「有名無名を問わず、タイ市場には中国のEV(電気自動車)メーカーが勢揃いしている」。タイに駐在する中国の自動車メーカーのある社員は、財新記者の取材にそう苦笑いを浮かべた。
タイの自動車市場では、ここ数年のEVブームを中国メーカーが牽引している。3月26日に開幕したバンコク国際モーターショーでは、出展した41社の自動車メーカーのうち4割近い16社が中国勢だった。
市場調査会社のオートライフ・タイランドのデータによれば、タイ市場における2024年のEV販売台数は約7万台。
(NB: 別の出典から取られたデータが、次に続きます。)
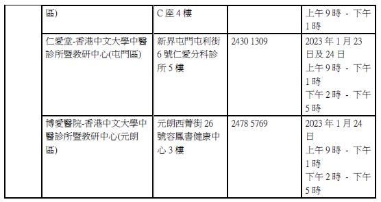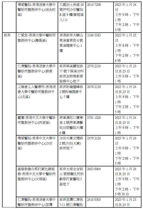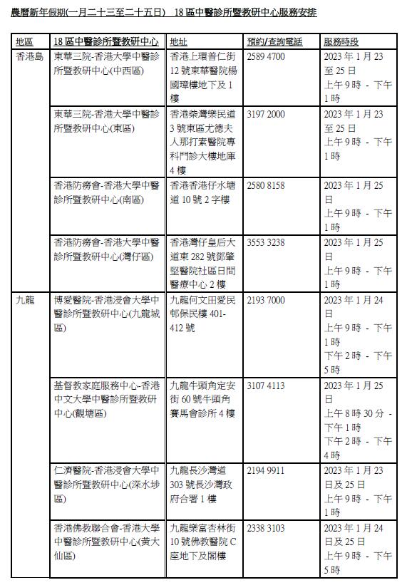 另外,18區中醫診所暨教研中心(中醫診所)亦會於農曆新年公眾假期提供內科診療(不包括針灸、骨傷推拿及新冠復康診療),求診人士可如平日般透過電話或「18區中醫診所」流動應用程式(適用於曾登記使用18區中醫診所服務的求診人士)預約診症時間。應診的中醫診所名單及服務時間詳見下圖,市民亦可瀏覽以下連結獲取有關中醫服務的最新資訊:cmk.ha.org.hk/zh-cht/services/notice/ChineseNewYearHoliday。
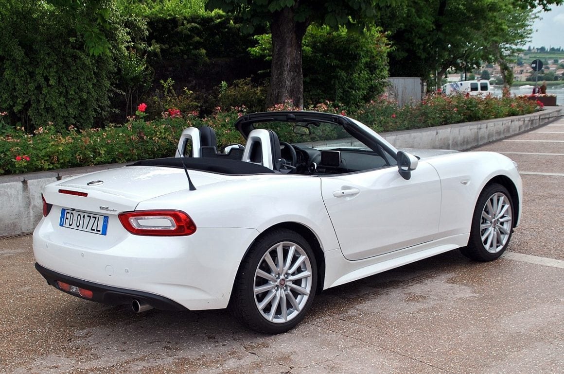 Pour le reste, il faut donc se contenter d’une Abarth 500 C Competizione 595 de 180 chevaux (ça déménage, ça fait constamment vroom, vroom, il faut aimer), l’antique Caterham Super Seven 7 de 80 chevaux (un peu juste pour s’amuser mais tellement légère), la Smart Brabus cabrio de 110 chevaux (ça ne va pas faire plaisir à mon rédac-chef mais ça reste toujours un tape-cul surtout en version Brabus)… (Note N°1 du Rédac-chef : il s’en f…) et enfin deux versions qui me semblent enfin sortir du lot : la Fiat 124 Spider de 140 chevaux étroitement dérivée de la Mazda MX-5 de 131 chevaux.
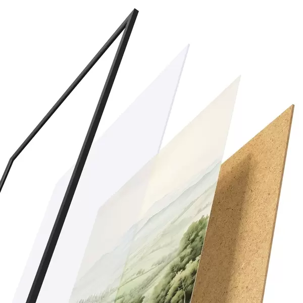 El póster consta de marco, plexiglás, imagen impresa y soporte de aglomerado. El póster puede colgarse inmediatamente en la pared gracias a los soportes de la parte posterior.
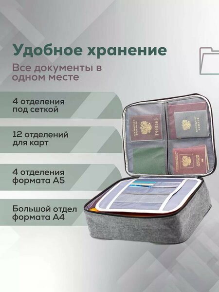 Если вы хотите, чтобы все документы были аккуратно сложены, тогда обратите внимание на сумку органайзер для хранения документов. Сумка для хранения документов - отличный способ держать все документы в порядке и в одном месте. Такие документы, как паспорта, трудовые книжки, аттестаты, дипломы, налоговые, медицинские, пластиковые карты визитки и другие будут удобно разложены в органайзере. Важным плюсом органайзера для документов и вещей является то, что сумку для документов удобно брать с собой в дорогу, командировки и путешествия. Органайзер для документов обеспечивает сохранность документации и препятствует ее замятию. Сумка для документов - это вместительный кофр с 4 отделениями для паспортов, 12 кармашками для карт, 4 файлами под сеткой, карманом под папку и основным отделением для других бумаг. Вы можете положить в него папки и бумаги. Сумка для хранения документов имеет специальный ремень для крепления на ручки чемодана. Это удобный предмет для бережного хранения документов от пыли, влаги, солнечного излучения и механических повреждений. Используя органайзер для хранения документов, вы легко организуете аккуратное хранения вещей и документов.
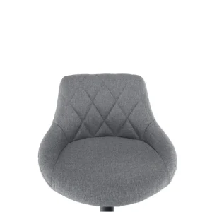 Scaunul are o husa din material textil iar partea inferioara este din metal.
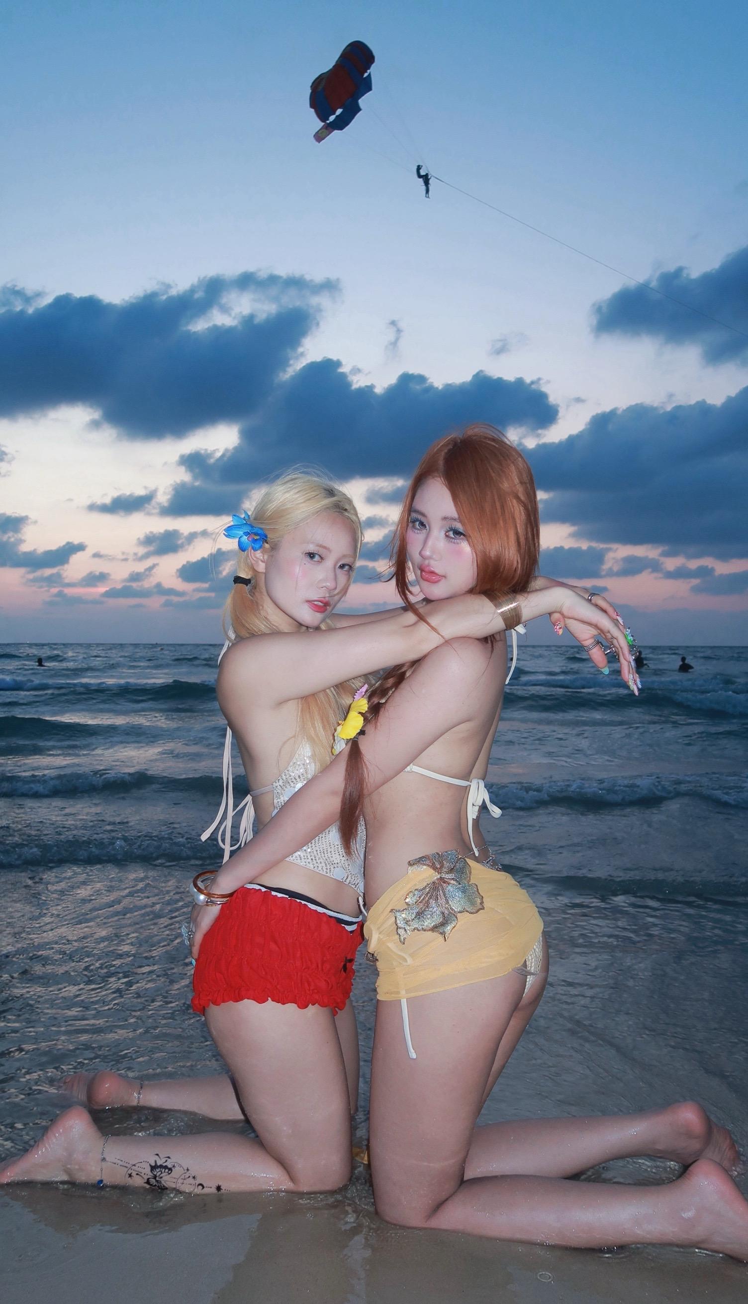 海边闺蜜穿搭 海边双人穿搭 海边日落cp 和好朋友就这样拍
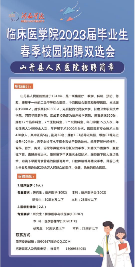 上一条:天水市四零七医院招聘简章 下一条:山丹县妇幼保健院招聘简章
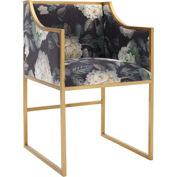Contemporary Design Furniture Atara Floral Velvet Gold Chair CDF-D6349

メーカー別のEV販売台数ランキングでは上位10社のうち7社を中国メーカーが占め、合計8割を超える市場シェアを獲得した。
日本メーカーにプレッシャー
中国のEVメーカーの相次ぐ進出は、それまで日本車が事実上独占していたタイ自動車市場の構図を塗りかえつつある。
「われわれは電動化とスマート化という新技術をタイ市場に持ち込み、(エンジン車が主力の)日本メーカーにプレッシャーを与えている」。中国のEV最大手、BYD(比亜迪)でタイ事業に携わる社員は、財新記者の取材に対してそう述べ、次のように予想した。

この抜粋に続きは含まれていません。